PROVIDED DATA =>

=======

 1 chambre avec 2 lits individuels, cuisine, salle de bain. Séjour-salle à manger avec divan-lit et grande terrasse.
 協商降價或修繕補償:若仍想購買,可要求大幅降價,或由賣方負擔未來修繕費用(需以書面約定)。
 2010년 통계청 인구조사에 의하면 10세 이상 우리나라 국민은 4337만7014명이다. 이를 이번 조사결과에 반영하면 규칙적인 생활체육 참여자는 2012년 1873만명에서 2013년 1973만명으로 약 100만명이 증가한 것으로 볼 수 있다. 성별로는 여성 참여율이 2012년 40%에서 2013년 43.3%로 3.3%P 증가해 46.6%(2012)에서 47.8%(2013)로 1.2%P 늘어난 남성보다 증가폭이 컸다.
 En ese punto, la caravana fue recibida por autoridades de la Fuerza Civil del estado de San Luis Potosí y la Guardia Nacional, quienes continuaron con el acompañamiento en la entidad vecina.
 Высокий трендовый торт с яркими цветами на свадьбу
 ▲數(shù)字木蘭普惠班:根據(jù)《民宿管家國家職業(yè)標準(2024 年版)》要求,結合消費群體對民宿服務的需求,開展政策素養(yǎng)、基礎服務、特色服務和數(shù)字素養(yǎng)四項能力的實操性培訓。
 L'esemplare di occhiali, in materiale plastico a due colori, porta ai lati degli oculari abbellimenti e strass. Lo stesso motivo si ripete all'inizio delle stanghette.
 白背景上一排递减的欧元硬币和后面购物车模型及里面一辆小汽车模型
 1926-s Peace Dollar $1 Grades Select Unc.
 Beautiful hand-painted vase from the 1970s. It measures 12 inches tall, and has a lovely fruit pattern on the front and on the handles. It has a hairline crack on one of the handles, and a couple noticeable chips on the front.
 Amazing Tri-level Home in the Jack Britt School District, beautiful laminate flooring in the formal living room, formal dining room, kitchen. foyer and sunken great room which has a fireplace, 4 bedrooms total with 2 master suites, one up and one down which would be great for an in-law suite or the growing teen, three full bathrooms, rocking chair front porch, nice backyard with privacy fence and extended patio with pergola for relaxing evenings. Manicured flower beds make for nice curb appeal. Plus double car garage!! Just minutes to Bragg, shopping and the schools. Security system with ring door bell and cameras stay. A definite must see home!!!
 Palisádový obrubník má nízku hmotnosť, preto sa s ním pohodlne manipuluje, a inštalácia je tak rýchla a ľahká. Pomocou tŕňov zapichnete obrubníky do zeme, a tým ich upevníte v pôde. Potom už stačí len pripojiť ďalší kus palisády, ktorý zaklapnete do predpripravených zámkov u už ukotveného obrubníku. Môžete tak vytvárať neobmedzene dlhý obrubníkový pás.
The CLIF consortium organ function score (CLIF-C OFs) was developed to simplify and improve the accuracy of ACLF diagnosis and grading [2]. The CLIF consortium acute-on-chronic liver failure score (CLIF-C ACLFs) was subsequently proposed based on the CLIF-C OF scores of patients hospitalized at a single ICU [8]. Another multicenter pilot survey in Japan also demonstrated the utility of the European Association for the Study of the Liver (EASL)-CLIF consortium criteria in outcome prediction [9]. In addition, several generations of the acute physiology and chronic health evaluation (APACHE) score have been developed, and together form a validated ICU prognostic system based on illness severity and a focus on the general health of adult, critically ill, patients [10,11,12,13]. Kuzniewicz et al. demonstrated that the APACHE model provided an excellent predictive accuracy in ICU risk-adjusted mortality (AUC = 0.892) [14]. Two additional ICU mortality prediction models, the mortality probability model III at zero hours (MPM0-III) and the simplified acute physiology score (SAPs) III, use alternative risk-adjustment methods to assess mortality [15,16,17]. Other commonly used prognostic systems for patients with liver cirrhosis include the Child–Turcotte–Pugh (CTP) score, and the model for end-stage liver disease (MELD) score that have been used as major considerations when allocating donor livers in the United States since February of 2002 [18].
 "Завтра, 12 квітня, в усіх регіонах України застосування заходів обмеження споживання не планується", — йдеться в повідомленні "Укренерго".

=======

WHAT THE EXERCISE ASKS =>
Go through the material above, find each line with the string "front", and copy it.

REPLY TO THE EXERCISE =>
 Beautiful hand-painted vase from the 1970s. It measures 12 inches tall, and has a lovely fruit pattern on the front and on the handles. It has a hairline crack on one of the handles, and a couple noticeable chips on the front.
 Amazing Tri-level Home in the Jack Britt School District, beautiful laminate flooring in the formal living room, formal dining room, kitchen. foyer and sunken great room which has a fireplace, 4 bedrooms total with 2 master suites, one up and one down which would be great for an in-law suite or the growing teen, three full bathrooms, rocking chair front porch, nice backyard with privacy fence and extended patio with pergola for relaxing evenings. Manicured flower beds make for nice curb appeal. Plus double car garage!! Just minutes to Bragg, shopping and the schools. Security system with ring door bell and cameras stay. A definite must see home!!!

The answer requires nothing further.